Capability What Breaks
Multimodal Text guardrails can't see image/audio/video attacks
Reasoning models Hidden thinking chains escape evaluation
Long context/memory State accumulates; per-transaction controls miss slow attacks
Streaming Output reaches users before validation completes
Multi-agent Accountability diffuses; agent-to-agent injection

The core principles hold.
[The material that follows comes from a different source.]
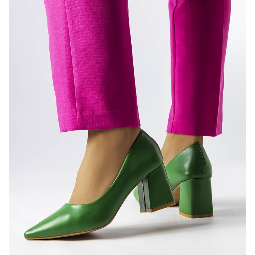 Upptäck elegans och komfort med gröna Fanchon-pumpar från märket BM. Dessa snygga skor med spetsiga tår är det perfekta komplementet till alla kvinnors garderob. Tack vare en enkel blockklack erbjuder de stabilitet och komfort, vilket gör dem till ett perfekt val för en mängd olika tillfällen - från vardagliga möten till kvällsutflykter.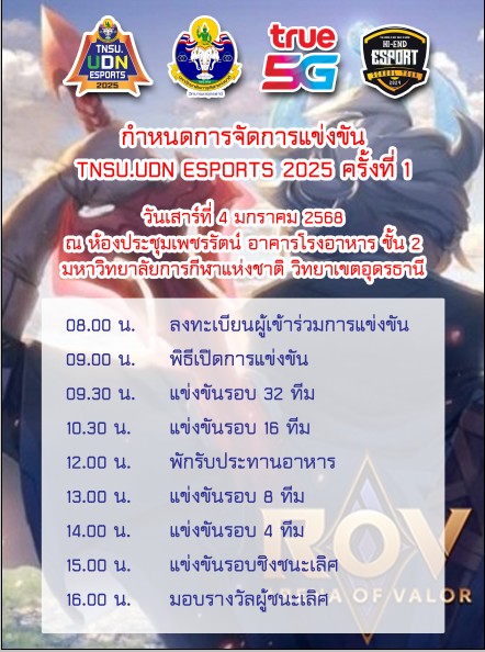 กำหนดการ การแข่งขันกีฬาอีสปอร์ต “TNSU.UDN ESPORTS 2025 ครั้งที่ 1”

Implementation must evolve.


Overview Map

Emerging Controls Tube Map

The map shows how emerging controls connect. Solid lines indicate established or emerging patterns; dashed lines indicate conceptual/research-stage controls. Interchanges mark integration points between control domains.


Proposed Architecture

Emerging Controls Architecture


1. Modality-Specific Guardrails

Modality-Specific Guardrails

Input

Modality Process Maturity
Text Direct validation Established
Image OCR → text rules; image classifiers Emerging
Audio STT → text rules; audio classifiers Emerging
Video Frame + audio extraction → above Conceptual

Cross-modal: Dedicated analyser for attacks spanning modalities. Research stage.

Output

Modality Process Maturity
Text Standard guardrails Established
Generated image Content + synthetic detection Emerging
Generated audio Synthetic + content detection Emerging

Open Questions

  • Cost/latency of parallel modality pipelines?
  • Cross-modal attack patterns at scale?
  • Should HIGH/CRITICAL avoid generative output?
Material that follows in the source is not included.